Someone at the Minneapolis
Public Library in 1931 had
elegant handwriting!

Part of the explanation for the position Mary occupies, too, is that she has been rather hopelessly in love, against her own best instincts, with a sort of charming ne'er-do-well, whose good friend has likewise developed an unrequited love for Mary. It all seems quite hopeless, and indeed The Month of May is perhaps a bit like F. M Mayor's The Rector's Daughter with a brighter wit and a pluckier sensibility. When I read it, I felt that it was probably a weaker novel overall than Three Daughters, but looking back a few weeks later I wonder if it might not end up being the more haunting one. At any rate, it's sad that Heseltine didn't continue writing—I would have quite liked to see where she got to in later novels.
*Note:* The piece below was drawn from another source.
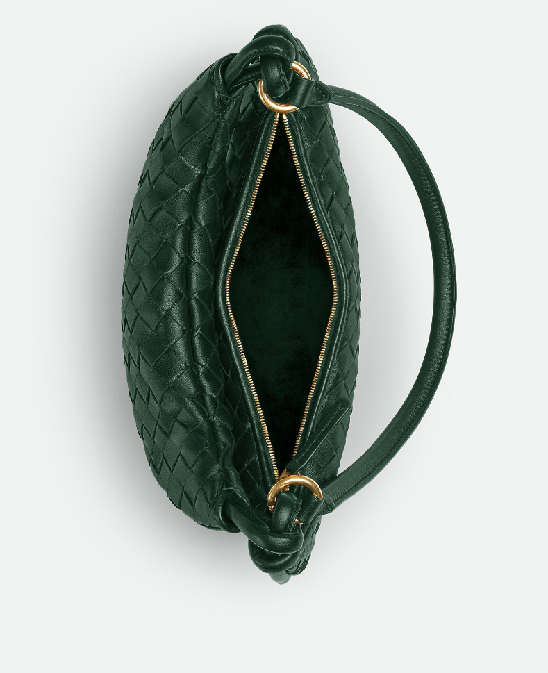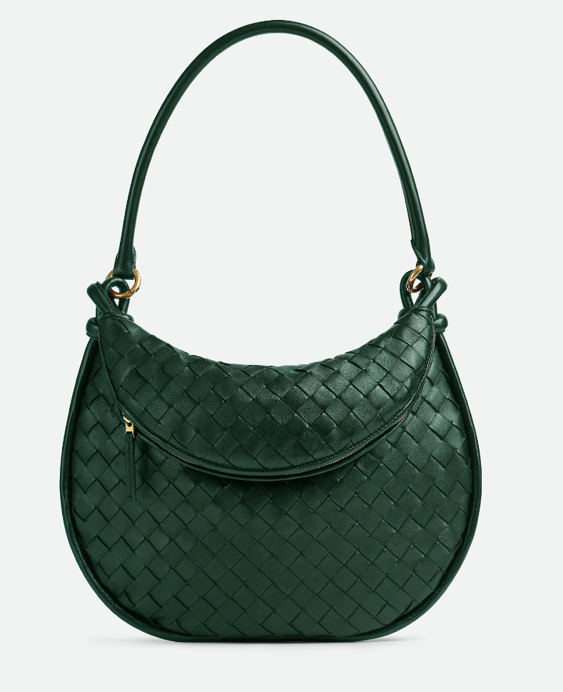 - 오늘 소개해 드릴 제품은 보테가베네타의 미디엄 제멜리인데요. 특유의 고급스러운 가죽 느낌과 아름다운 색상이 특징인 가방입니다. 보테가베네타의 시그니처라고 할 수 있는 인트레치아토 패턴이 돋보이는데요. 인트레치아토란 사진처럼 가죽을 위빙 하여(엮어서) 만드는 기술을 의미합니다. 이렇게 인트레치아토 위빙을 하면 가죽이 몇 배로 많이 들어가기 때문에 내구성도 훨씬 좋아지고 디자인 측면에서도 더욱 아름다운 가죽의 질감을 느낄 수 있는 특징이 있습니다.

In closing for now, I'll share one passage from Month which is entertaining. Mary's whiny mother is bemoaning the state of womanhood in the present day, and detailing the proper expectations for a "lady" in her own day:

"Ah yes!" exclaimed Mrs. Willoughby, with animation, "would that young women nowadays could have their rules by heart! To begin with"—ticking off each point on her fingers: "A lady must always be bien chaussée, bien gantée, bien coiffée. A lady should take an hour to get up and an hour to go to bed. A lady removes her stay-laces at night and puts them in again next morning. A lady does not perspire. A lady does not blow her nose in public. ('Five minutes before breakfast,' my Aunt Amelia used to say, 'should be enough for any Christian gentlewoman.') A lady keeps her eyes on the ground when she goes out walking. A lady never climbs a style before a gentleman. A lady does not eat cheese. A lady should know how to carve."
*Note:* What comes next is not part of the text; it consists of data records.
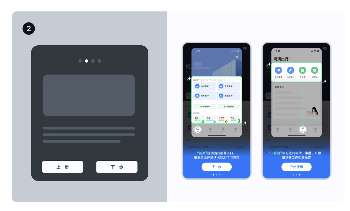 - 例子:滴滴企業(yè)版的新手引導,先講 “首頁有出行服務入口”,再講 “工作臺能審批、開票”,每步只傳遞一個信息,用戶不會覺得混亂;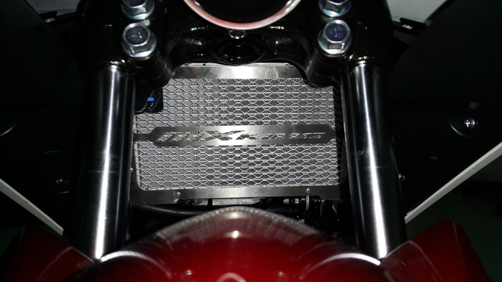 Kalau yang ini adalah pelindung radiator MX-Kinbg 150. Pemasangan juga mudah, tinggal plek pada bagian depan radiator dan berfungsi maksimla melindungi radiator. Bahannya alumunium dan eksklusif dengan logo MX-King. Harganya IDR 150.000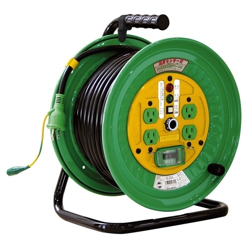 屋内型の電工ドラム30mです。ブレーカータイプは漏電保護専用、温度センサー搭載(手動復帰タイプ)です。入力プラグはポッキンプラグです |

Which, despite the woeful state of humanity in late 2019, should at least make us grateful that we're not Victorian ladies!

3 comments:

  1. Of course, the name Lady Pomfret brought to mind the characters in Angela Thirkell's novels. I wonder did they ever cross paths? The time period does not seem to indicate such.
    I love the rules!
    Tom

    ReplyDelete
  2. Elizabeth Cary, Baroness Pomfret, (assuming my research is correct) was an ancestral grandmother of Olive Heseltine. It is tempting to think that this may be where the name came from and also that the book may be semi-autobiographical. I haven't yet read the book but perhaps someone else can answer whether or not that characters are loosely based on Olive's sisters.

    ReplyDelete
  3. I am happy to report that I just picked up a copy of Three Daughters by Jane Dashwood (for $NZ1). (Bought partly because I thought I recognised the title from this blog, and partly because I have three daughters.)